MidCentral District Health Board
- Location of the MidCentral DHB (green) in New Zealand
- Formation: 1 January 2001; 25 years ago
- Dissolved: 1 July 2022; 3 years ago
- Purpose: District health board
- Headquarters: Palmerston North, New Zealand
- Chief Executive: Kathryn Cook
- Website: www.midcentraldhb.govt.nz

= MidCentral District Health Board =

Former district health board in New Zealand

MidCentral District Health Board (MidCentral DHB or MCDHB) was a district health board that provided healthcare in the Manawatū region of New Zealand. The DHB covers the Manawatū District, Palmerston North City, Tararua District, Horowhenua District, and the Ōtaki ward of the Kāpiti Coast District. In July 2022, the MidCentral DHB was merged into the national health service Te Whatu Ora.

==History==
The MidCentral District Health Board, like most other district health boards, came into effect on 1 January 2001 established by the New Zealand Public Health and Disability Act 2000.
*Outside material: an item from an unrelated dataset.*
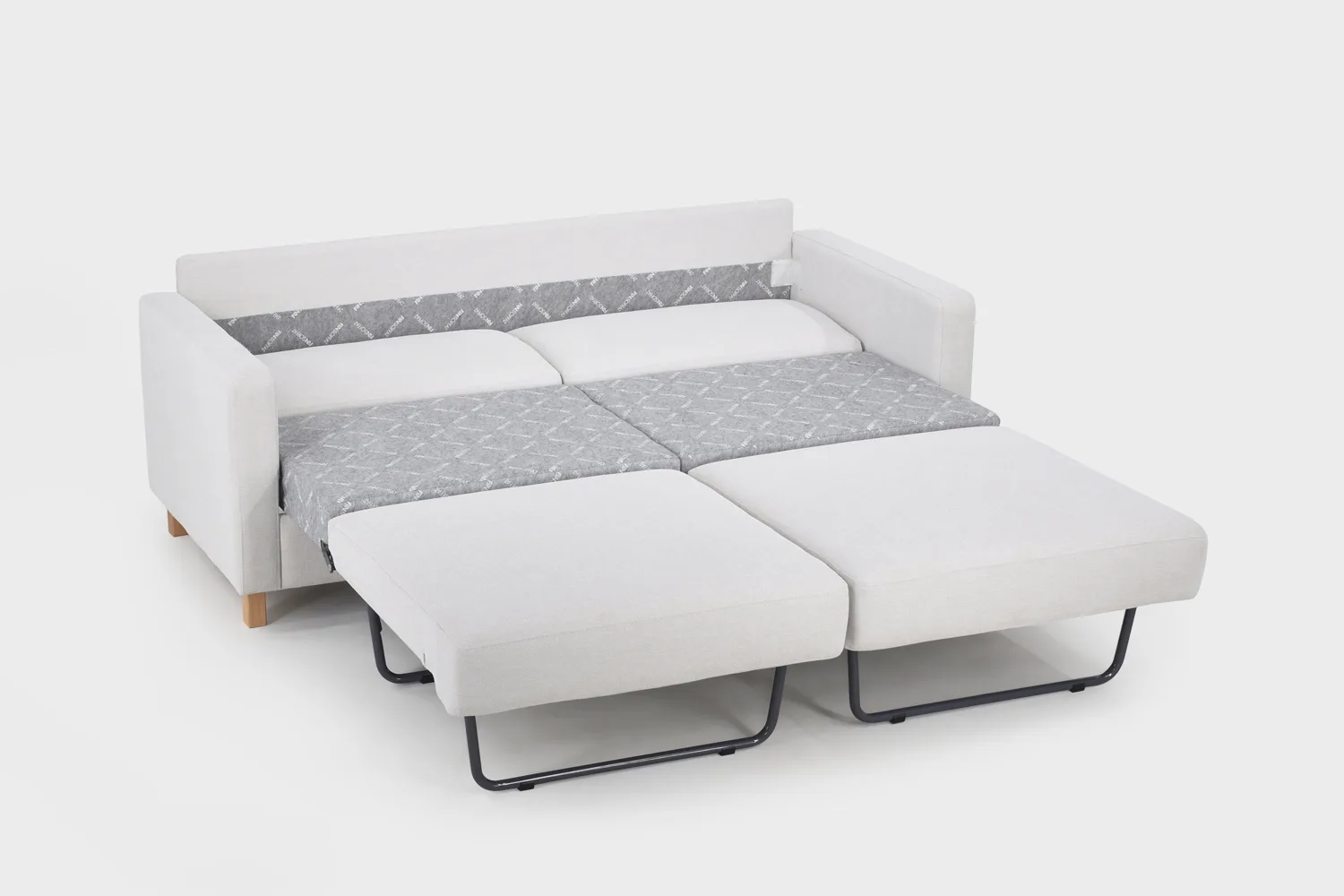 Puuseppämme ovat valmistaneet Aina-vuodesohvan rungon massiivipuusta ja koivuvanerista Keravalla – omalla sohvatehtaallamme. Vuodesohvassa on laadukas suomalainen jousitettu tuplamekanismi, mikä mahdollistaa vuoteen avaamisen joko yhdelle tai kahdelle nukkujalle. Vuodesohvan jousitukseen olemme valinneet kestävän NoSag-jousen ja vuodeosuus on tehty kokonaan metallirunkoon. Näin ollen on nukkuessa paras mahdollinen tuki.

On 1 July 2022, the MidCentral DHB and the other district health boards were disestablished, with Te Whatu Ora (Health New Zealand) assuming their former functions and operations including hospitals and health services. The MidCentral DHB was brought under Te Whatu Ora's Central division.

==Geographic area==
The area covered by the MidCentral District Health Board is defined in Schedule 1 of the New Zealand Public Health and Disability Act 2000 and based on territorial authority and ward boundaries as constituted as at 1 January 2001. The area can be adjusted through an Order in Council.

== Facilities ==
Palmerston North Hospital is the DHB's main hospital, and serves as the major trauma centre for the DHB area.

==Governance==
The initial board was fully appointed. Since the 2001 local elections, the board has been partially elected (seven members) and in addition, up to four members get appointed by the Minister of Health. The minister also appoints the chairperson and deputy-chair from the pool of eleven board members.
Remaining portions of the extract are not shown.